- EXERCISE GOAL
Print a faithful copy of the data below, word for word, with the pictures left out.

- DATA EXCERPT
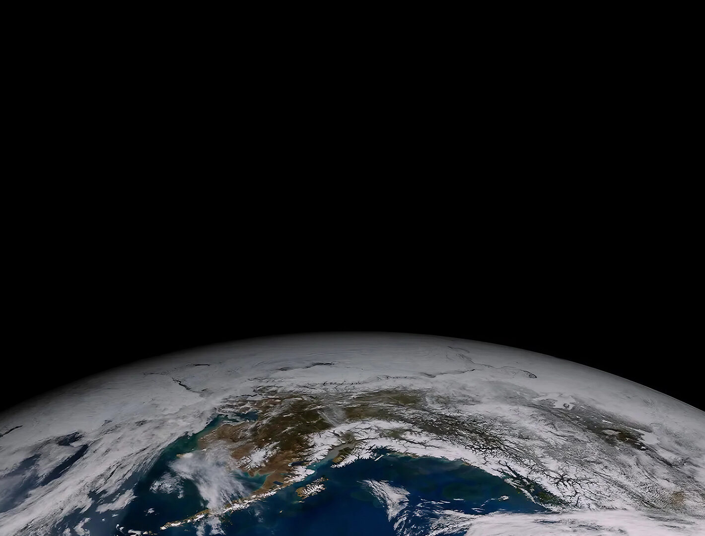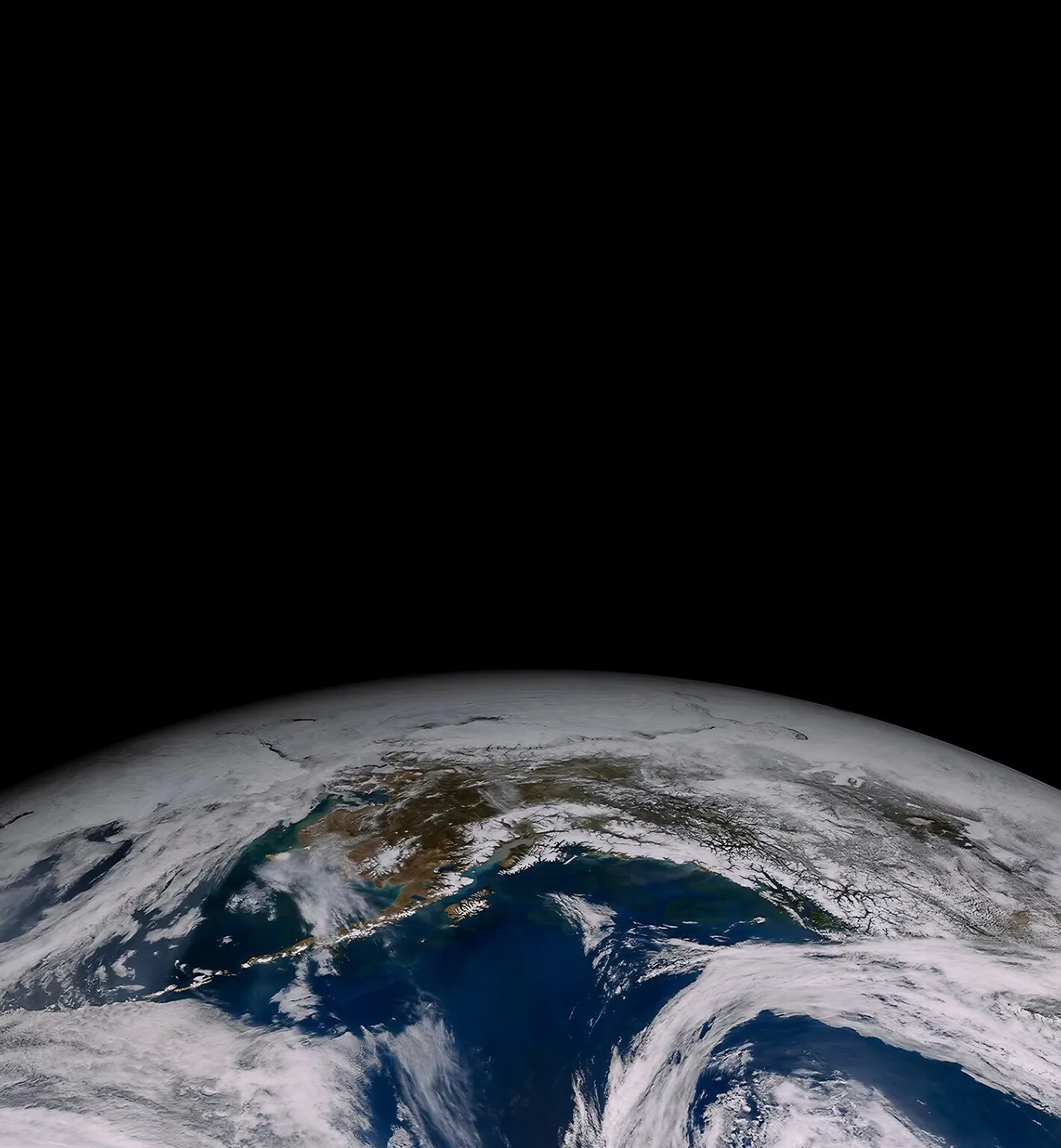 A view of Earth from space shows continents and swirling cloud formations. The dark upper portion creates a strong contrast with the blue an…
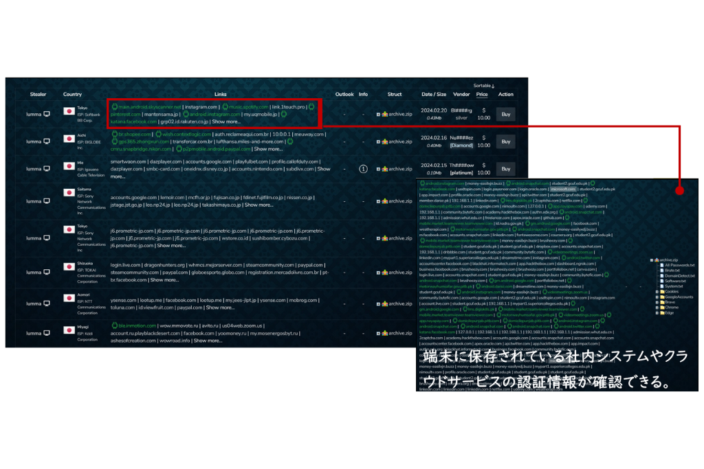 「Info Stealer」によって持ち出された情報は「ハッカーフォーラム」や「非合法な商品を扱うマーケットプレイス」に商品として出品されることがあります。下図は「LummaC2Stealer」に感染した日本の端末から盗み出した認証情報を販売しているサイトですが、このサイトだけでも18,000台以上のPCやサーバーから盗み出された認証情報が出品されています。クラウドサービスや内部システムの認証情報も含まれており、4ドル~10ドル程度で購入することができます。これらの情報が別のサイバー犯罪者の手に渡ることで、リモートアクセスの認証情報が不正利用されて内部ネットワークへ侵入されたり、クラウドサービスに対して不正にアクセスされる状況が作り出されるのです。
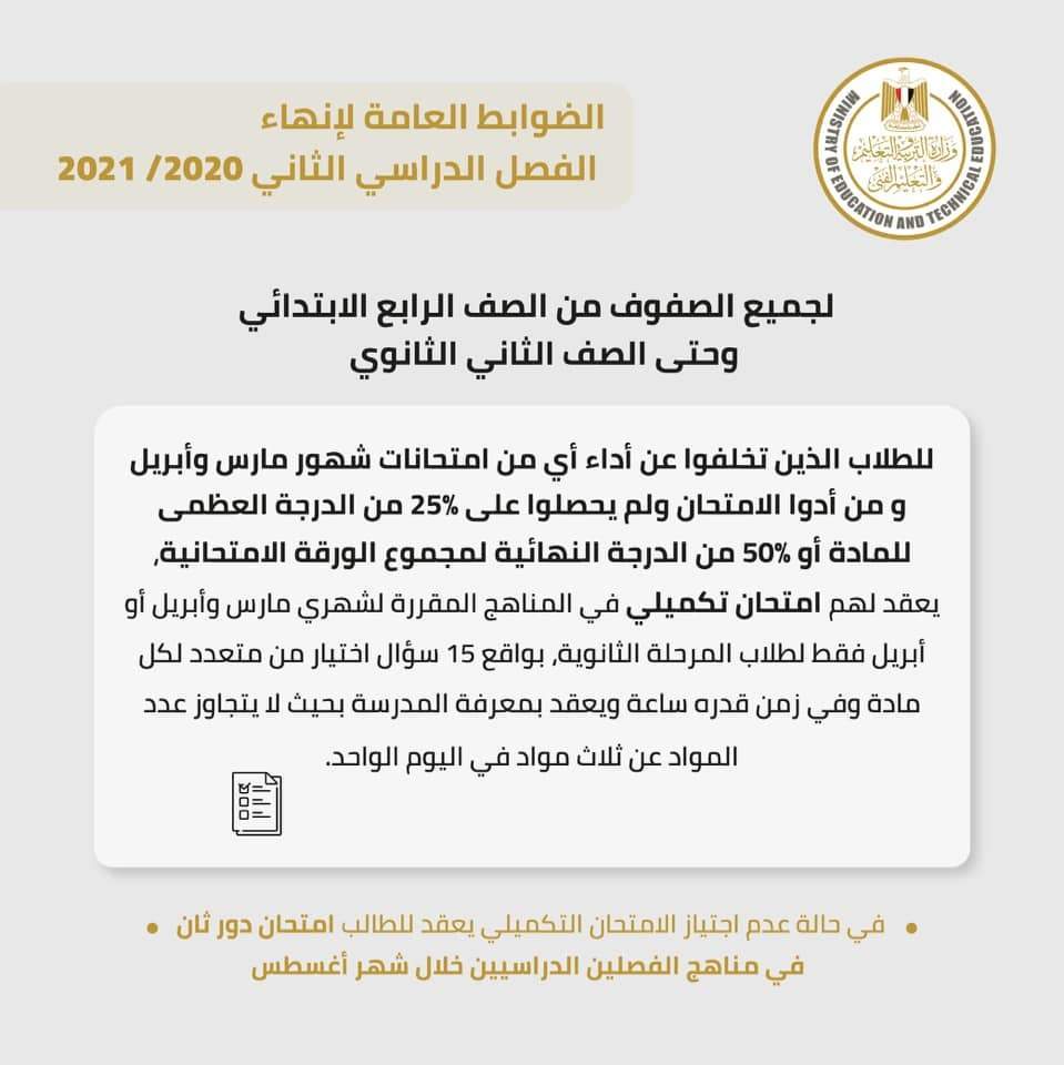 للطلاب الذين تخلفوا عن أداء أي من امتحانات شهور مارس وأبريل (بالنسبة للطلاب من الرابع الابتدائي وحتى الثاني الإعدادي) أو من تخلف عن امتحان شهر أبريل (بالنسبة للمرحلة الثانوية) ومن أدوا الامتحان ولم يحصلوا على ٢٥٪ من الدرجة العظمى للمادة أو ٥٠٪ من الدرجة النهائية لمجموع الورقة الامتحانية، يعقد لهم امتحان تكميلي في المناهج المقررة لشهري مارس وأبريل أو أبريل فقط لطلاب المرحلة الثانوية، بواقع ١٥ سؤال اختيار من متعدد لكل مادة وفي زمن قدره ساعة ويعقد بمعرفة المدرسة بحيث لا يتجاوز عدد المواد عن ثلاث مواد في اليوم الواحد.

- ANSWER BOX
 A view of Earth from space shows continents and swirling cloud formations. The dark upper portion creates a strong contrast with the blue an…
 「Info Stealer」によって持ち出された情報は「ハッカーフォーラム」や「非合法な商品を扱うマーケットプレイス」に商品として出品されることがあります。下図は「LummaC2Stealer」に感染した日本の端末から盗み出した認証情報を販売しているサイトですが、このサイトだけでも18,000台以上のPCやサーバーから盗み出された認証情報が出品されています。クラウドサービスや内部システムの認証情報も含まれており、4ドル~10ドル程度で購入することができます。これらの情報が別のサイバー犯罪者の手に渡ることで、リモートアクセスの認証情報が不正利用されて内部ネットワークへ侵入されたり、クラウドサービスに対して不正にアクセスされる状況が作り出されるのです。
 للطلاب الذين تخلفوا عن أداء أي من امتحانات شهور مارس وأبريل (بالنسبة للطلاب من الرابع الابتدائي وحتى الثاني الإعدادي) أو من تخلف عن امتحان شهر أبريل (بالنسبة للمرحلة الثانوية) ومن أدوا الامتحان ولم يحصلوا على ٢٥٪ من الدرجة العظمى للمادة أو ٥٠٪ من الدرجة النهائية لمجموع الورقة الامتحانية، يعقد لهم امتحان تكميلي في المناهج المقررة لشهري مارس وأبريل أو أبريل فقط لطلاب المرحلة الثانوية، بواقع ١٥ سؤال اختيار من متعدد لكل مادة وفي زمن قدره ساعة ويعقد بمعرفة المدرسة بحيث لا يتجاوز عدد المواد عن ثلاث مواد في اليوم الواحد.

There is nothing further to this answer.